## DATA PROVIDED

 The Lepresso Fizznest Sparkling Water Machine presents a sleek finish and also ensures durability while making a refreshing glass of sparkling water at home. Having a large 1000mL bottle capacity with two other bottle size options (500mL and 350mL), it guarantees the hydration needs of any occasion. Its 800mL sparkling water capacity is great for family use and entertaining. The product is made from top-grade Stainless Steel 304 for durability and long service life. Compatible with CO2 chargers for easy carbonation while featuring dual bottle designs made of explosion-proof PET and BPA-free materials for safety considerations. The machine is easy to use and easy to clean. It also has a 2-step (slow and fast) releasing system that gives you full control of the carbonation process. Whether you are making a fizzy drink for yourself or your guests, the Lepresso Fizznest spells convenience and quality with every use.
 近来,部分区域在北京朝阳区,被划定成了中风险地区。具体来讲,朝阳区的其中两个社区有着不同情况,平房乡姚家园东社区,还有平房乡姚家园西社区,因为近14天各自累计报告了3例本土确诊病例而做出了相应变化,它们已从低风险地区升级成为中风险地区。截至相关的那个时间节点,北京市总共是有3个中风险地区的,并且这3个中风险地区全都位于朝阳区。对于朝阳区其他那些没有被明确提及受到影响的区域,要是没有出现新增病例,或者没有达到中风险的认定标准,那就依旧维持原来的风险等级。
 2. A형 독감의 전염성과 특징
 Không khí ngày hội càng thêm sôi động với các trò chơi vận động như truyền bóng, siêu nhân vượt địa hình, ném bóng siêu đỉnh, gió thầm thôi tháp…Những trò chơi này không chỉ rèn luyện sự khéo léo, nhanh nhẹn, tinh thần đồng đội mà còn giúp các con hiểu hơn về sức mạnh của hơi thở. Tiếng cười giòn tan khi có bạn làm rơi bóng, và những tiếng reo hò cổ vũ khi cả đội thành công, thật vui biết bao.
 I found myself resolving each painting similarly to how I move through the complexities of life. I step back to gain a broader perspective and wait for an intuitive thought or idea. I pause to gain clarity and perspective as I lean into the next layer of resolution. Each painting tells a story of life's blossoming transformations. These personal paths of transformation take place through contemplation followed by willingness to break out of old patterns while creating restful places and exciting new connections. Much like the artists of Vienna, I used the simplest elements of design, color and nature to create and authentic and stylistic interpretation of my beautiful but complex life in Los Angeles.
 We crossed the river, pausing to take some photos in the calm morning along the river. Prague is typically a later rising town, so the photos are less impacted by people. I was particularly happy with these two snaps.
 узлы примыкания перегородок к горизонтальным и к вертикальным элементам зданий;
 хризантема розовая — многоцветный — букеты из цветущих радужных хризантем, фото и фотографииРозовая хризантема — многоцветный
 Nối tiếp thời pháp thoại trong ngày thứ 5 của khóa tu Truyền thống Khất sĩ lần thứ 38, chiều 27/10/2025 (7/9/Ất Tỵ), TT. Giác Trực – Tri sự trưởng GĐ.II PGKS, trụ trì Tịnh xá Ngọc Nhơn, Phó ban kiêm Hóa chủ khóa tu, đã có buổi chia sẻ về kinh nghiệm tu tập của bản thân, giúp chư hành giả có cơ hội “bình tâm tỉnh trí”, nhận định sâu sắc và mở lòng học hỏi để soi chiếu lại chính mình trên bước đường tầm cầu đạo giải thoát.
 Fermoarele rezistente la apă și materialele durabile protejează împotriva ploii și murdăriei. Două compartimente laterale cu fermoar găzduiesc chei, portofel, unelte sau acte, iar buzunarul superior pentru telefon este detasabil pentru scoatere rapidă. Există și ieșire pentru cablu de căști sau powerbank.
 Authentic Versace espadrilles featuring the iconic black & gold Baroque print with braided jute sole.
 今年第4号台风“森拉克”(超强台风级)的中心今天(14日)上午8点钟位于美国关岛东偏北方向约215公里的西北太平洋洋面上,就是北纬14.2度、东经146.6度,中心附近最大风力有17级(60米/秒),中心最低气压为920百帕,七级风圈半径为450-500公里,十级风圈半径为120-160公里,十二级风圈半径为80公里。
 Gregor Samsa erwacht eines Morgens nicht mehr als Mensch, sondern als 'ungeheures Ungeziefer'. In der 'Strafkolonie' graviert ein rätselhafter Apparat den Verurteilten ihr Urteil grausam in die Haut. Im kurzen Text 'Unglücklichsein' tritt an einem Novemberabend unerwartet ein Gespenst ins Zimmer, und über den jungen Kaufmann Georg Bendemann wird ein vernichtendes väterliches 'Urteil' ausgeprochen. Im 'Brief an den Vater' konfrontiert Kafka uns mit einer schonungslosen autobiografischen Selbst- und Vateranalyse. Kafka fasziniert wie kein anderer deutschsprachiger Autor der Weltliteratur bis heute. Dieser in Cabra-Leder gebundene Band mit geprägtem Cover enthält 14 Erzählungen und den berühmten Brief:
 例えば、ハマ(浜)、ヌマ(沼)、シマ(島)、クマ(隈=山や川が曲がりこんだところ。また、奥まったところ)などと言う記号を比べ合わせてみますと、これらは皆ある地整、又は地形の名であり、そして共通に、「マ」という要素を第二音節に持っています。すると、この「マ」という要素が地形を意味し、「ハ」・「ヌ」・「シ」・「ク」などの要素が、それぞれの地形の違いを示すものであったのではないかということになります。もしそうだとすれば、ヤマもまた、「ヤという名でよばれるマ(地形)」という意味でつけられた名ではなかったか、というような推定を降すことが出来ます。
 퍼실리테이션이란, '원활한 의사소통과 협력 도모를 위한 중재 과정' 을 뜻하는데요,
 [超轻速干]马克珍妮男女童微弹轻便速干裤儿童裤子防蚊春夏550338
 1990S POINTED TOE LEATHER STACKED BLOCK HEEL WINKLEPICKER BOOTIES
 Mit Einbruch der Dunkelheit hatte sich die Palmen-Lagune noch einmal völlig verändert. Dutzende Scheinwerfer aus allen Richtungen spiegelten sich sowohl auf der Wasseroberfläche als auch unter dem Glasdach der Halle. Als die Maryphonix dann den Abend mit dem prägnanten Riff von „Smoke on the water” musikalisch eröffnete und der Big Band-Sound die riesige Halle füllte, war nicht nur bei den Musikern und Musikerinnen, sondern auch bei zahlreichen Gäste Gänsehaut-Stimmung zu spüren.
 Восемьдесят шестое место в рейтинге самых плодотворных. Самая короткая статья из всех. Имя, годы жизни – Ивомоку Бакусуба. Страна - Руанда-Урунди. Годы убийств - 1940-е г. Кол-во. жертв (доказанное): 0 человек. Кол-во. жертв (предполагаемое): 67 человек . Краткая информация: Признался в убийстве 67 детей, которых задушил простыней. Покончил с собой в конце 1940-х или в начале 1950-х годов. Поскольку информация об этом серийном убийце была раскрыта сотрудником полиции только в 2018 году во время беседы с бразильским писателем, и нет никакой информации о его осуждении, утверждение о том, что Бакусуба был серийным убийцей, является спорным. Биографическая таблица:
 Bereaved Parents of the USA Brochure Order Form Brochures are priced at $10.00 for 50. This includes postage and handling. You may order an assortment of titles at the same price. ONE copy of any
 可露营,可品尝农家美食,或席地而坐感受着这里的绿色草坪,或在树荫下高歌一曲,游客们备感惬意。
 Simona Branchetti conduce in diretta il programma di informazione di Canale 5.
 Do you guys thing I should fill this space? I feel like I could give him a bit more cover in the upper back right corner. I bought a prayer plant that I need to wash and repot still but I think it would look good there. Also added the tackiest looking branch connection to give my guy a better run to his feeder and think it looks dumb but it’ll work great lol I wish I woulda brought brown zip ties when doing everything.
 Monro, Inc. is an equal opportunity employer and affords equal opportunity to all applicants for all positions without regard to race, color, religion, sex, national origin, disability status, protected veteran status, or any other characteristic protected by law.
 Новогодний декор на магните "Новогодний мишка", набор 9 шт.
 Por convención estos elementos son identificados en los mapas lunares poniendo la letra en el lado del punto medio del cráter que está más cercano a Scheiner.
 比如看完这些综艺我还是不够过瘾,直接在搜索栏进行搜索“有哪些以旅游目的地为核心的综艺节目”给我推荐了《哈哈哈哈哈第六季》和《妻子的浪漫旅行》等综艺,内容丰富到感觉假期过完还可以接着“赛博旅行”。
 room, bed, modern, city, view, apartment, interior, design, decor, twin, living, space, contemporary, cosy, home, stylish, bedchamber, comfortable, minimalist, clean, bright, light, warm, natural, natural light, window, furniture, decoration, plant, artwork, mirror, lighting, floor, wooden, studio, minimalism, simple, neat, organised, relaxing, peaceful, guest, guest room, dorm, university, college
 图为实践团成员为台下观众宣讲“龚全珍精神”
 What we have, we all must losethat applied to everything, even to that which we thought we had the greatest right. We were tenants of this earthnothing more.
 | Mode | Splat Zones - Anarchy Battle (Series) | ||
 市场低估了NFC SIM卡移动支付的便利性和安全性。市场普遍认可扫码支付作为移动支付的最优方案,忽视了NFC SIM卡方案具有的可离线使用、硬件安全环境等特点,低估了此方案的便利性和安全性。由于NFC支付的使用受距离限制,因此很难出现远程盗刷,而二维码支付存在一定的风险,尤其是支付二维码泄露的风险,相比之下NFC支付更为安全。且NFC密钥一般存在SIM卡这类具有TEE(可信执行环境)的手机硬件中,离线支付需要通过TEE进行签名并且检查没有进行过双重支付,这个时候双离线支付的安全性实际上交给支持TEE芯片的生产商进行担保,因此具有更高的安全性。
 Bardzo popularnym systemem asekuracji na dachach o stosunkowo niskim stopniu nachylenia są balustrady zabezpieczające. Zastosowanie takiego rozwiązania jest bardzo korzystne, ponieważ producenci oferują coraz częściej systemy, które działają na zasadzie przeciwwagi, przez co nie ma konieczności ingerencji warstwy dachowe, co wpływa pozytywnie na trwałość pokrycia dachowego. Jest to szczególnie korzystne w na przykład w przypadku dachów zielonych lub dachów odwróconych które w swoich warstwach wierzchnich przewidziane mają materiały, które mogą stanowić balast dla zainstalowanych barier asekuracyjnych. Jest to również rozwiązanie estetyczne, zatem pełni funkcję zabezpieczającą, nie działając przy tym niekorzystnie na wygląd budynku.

## REQUIRED WORK
In the material above, transcribe exactly the lines beginning at the one with "Không khí ngày" and ending at the one with "Nối tiếp thời", both included.

## OUTPUT BELOW
 Không khí ngày hội càng thêm sôi động với các trò chơi vận động như truyền bóng, siêu nhân vượt địa hình, ném bóng siêu đỉnh, gió thầm thôi tháp…Những trò chơi này không chỉ rèn luyện sự khéo léo, nhanh nhẹn, tinh thần đồng đội mà còn giúp các con hiểu hơn về sức mạnh của hơi thở. Tiếng cười giòn tan khi có bạn làm rơi bóng, và những tiếng reo hò cổ vũ khi cả đội thành công, thật vui biết bao.
 I found myself resolving each painting similarly to how I move through the complexities of life. I step back to gain a broader perspective and wait for an intuitive thought or idea. I pause to gain clarity and perspective as I lean into the next layer of resolution. Each painting tells a story of life's blossoming transformations. These personal paths of transformation take place through contemplation followed by willingness to break out of old patterns while creating restful places and exciting new connections. Much like the artists of Vienna, I used the simplest elements of design, color and nature to create and authentic and stylistic interpretation of my beautiful but complex life in Los Angeles.
 We crossed the river, pausing to take some photos in the calm morning along the river. Prague is typically a later rising town, so the photos are less impacted by people. I was particularly happy with these two snaps.
 узлы примыкания перегородок к горизонтальным и к вертикальным элементам зданий;
 хризантема розовая — многоцветный — букеты из цветущих радужных хризантем, фото и фотографииРозовая хризантема — многоцветный
 Nối tiếp thời pháp thoại trong ngày thứ 5 của khóa tu Truyền thống Khất sĩ lần thứ 38, chiều 27/10/2025 (7/9/Ất Tỵ), TT. Giác Trực – Tri sự trưởng GĐ.II PGKS, trụ trì Tịnh xá Ngọc Nhơn, Phó ban kiêm Hóa chủ khóa tu, đã có buổi chia sẻ về kinh nghiệm tu tập của bản thân, giúp chư hành giả có cơ hội “bình tâm tỉnh trí”, nhận định sâu sắc và mở lòng học hỏi để soi chiếu lại chính mình trên bước đường tầm cầu đạo giải thoát.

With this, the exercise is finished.